Gather every line in the records below that contains the word "front".

**Material for the task:**
^^^^^^^^^^^^^^^^

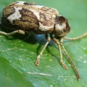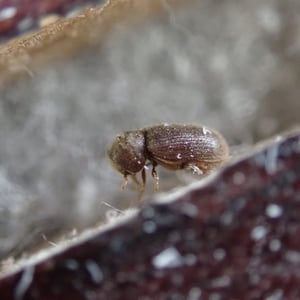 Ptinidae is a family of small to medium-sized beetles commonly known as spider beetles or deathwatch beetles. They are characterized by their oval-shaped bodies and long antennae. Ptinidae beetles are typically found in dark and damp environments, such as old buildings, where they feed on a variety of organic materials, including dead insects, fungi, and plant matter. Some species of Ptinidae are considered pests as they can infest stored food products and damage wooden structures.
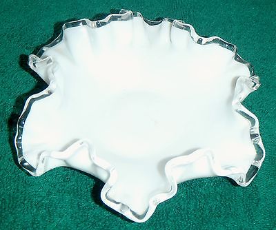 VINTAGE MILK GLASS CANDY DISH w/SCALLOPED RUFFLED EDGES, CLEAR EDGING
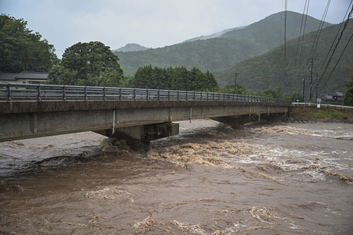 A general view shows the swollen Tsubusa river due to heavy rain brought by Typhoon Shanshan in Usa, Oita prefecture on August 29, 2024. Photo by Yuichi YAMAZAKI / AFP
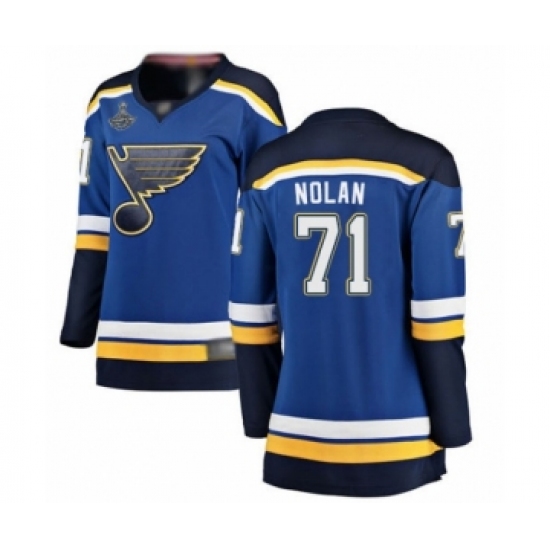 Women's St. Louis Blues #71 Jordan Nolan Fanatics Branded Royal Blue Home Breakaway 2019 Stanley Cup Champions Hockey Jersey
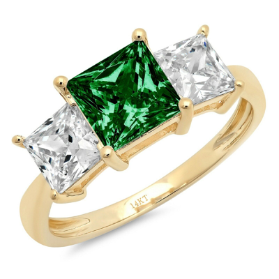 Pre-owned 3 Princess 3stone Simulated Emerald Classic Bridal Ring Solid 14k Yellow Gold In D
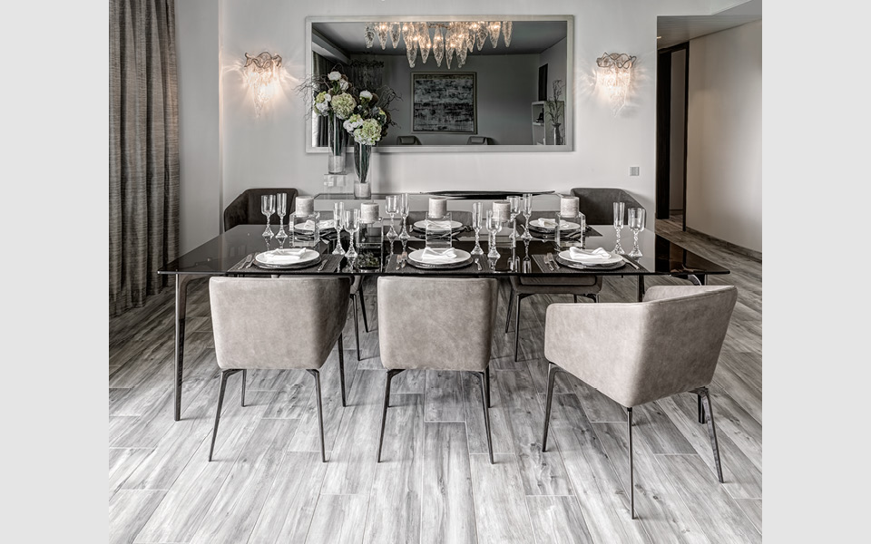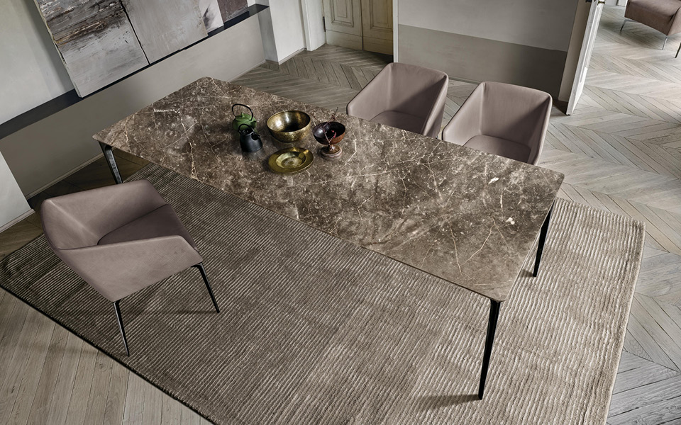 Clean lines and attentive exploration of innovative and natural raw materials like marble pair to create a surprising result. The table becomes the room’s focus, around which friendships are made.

^^^^^^^^^^^^^^^^

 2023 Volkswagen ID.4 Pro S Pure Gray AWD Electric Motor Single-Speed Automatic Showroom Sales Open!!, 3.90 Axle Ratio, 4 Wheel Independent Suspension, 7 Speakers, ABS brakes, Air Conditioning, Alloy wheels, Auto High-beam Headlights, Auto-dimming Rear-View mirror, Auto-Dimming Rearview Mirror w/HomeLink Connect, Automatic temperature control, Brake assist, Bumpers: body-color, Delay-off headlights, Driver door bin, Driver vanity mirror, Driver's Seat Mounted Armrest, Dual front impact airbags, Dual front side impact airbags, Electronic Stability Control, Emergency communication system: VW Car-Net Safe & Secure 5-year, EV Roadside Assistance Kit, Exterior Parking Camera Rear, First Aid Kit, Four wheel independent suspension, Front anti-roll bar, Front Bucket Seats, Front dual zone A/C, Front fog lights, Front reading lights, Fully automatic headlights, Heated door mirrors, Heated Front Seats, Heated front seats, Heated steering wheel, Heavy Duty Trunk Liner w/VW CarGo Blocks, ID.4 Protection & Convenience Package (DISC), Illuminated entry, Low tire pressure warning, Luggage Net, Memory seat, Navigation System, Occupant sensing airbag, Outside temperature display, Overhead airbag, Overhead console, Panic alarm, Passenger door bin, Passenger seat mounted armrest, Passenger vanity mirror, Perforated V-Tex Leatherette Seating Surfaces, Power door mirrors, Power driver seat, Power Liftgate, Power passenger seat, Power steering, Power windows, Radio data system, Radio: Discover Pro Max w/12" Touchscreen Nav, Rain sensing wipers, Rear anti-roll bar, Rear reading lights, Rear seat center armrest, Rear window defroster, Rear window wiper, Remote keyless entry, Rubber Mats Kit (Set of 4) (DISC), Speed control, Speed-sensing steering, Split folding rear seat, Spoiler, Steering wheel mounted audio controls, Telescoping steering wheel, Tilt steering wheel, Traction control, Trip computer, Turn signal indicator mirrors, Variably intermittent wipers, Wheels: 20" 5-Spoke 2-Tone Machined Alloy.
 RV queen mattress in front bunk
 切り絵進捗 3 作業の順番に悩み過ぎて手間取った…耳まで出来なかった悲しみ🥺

^^^^^^^^^^^^^^^^

**Exercise solution:**
 2023 Volkswagen ID.4 Pro S Pure Gray AWD Electric Motor Single-Speed Automatic Showroom Sales Open!!, 3.90 Axle Ratio, 4 Wheel Independent Suspension, 7 Speakers, ABS brakes, Air Conditioning, Alloy wheels, Auto High-beam Headlights, Auto-dimming Rear-View mirror, Auto-Dimming Rearview Mirror w/HomeLink Connect, Automatic temperature control, Brake assist, Bumpers: body-color, Delay-off headlights, Driver door bin, Driver vanity mirror, Driver's Seat Mounted Armrest, Dual front impact airbags, Dual front side impact airbags, Electronic Stability Control, Emergency communication system: VW Car-Net Safe & Secure 5-year, EV Roadside Assistance Kit, Exterior Parking Camera Rear, First Aid Kit, Four wheel independent suspension, Front anti-roll bar, Front Bucket Seats, Front dual zone A/C, Front fog lights, Front reading lights, Fully automatic headlights, Heated door mirrors, Heated Front Seats, Heated front seats, Heated steering wheel, Heavy Duty Trunk Liner w/VW CarGo Blocks, ID.4 Protection & Convenience Package (DISC), Illuminated entry, Low tire pressure warning, Luggage Net, Memory seat, Navigation System, Occupant sensing airbag, Outside temperature display, Overhead airbag, Overhead console, Panic alarm, Passenger door bin, Passenger seat mounted armrest, Passenger vanity mirror, Perforated V-Tex Leatherette Seating Surfaces, Power door mirrors, Power driver seat, Power Liftgate, Power passenger seat, Power steering, Power windows, Radio data system, Radio: Discover Pro Max w/12" Touchscreen Nav, Rain sensing wipers, Rear anti-roll bar, Rear reading lights, Rear seat center armrest, Rear window defroster, Rear window wiper, Remote keyless entry, Rubber Mats Kit (Set of 4) (DISC), Speed control, Speed-sensing steering, Split folding rear seat, Spoiler, Steering wheel mounted audio controls, Telescoping steering wheel, Tilt steering wheel, Traction control, Trip computer, Turn signal indicator mirrors, Variably intermittent wipers, Wheels: 20" 5-Spoke 2-Tone Machined Alloy.
 RV queen mattress in front bunk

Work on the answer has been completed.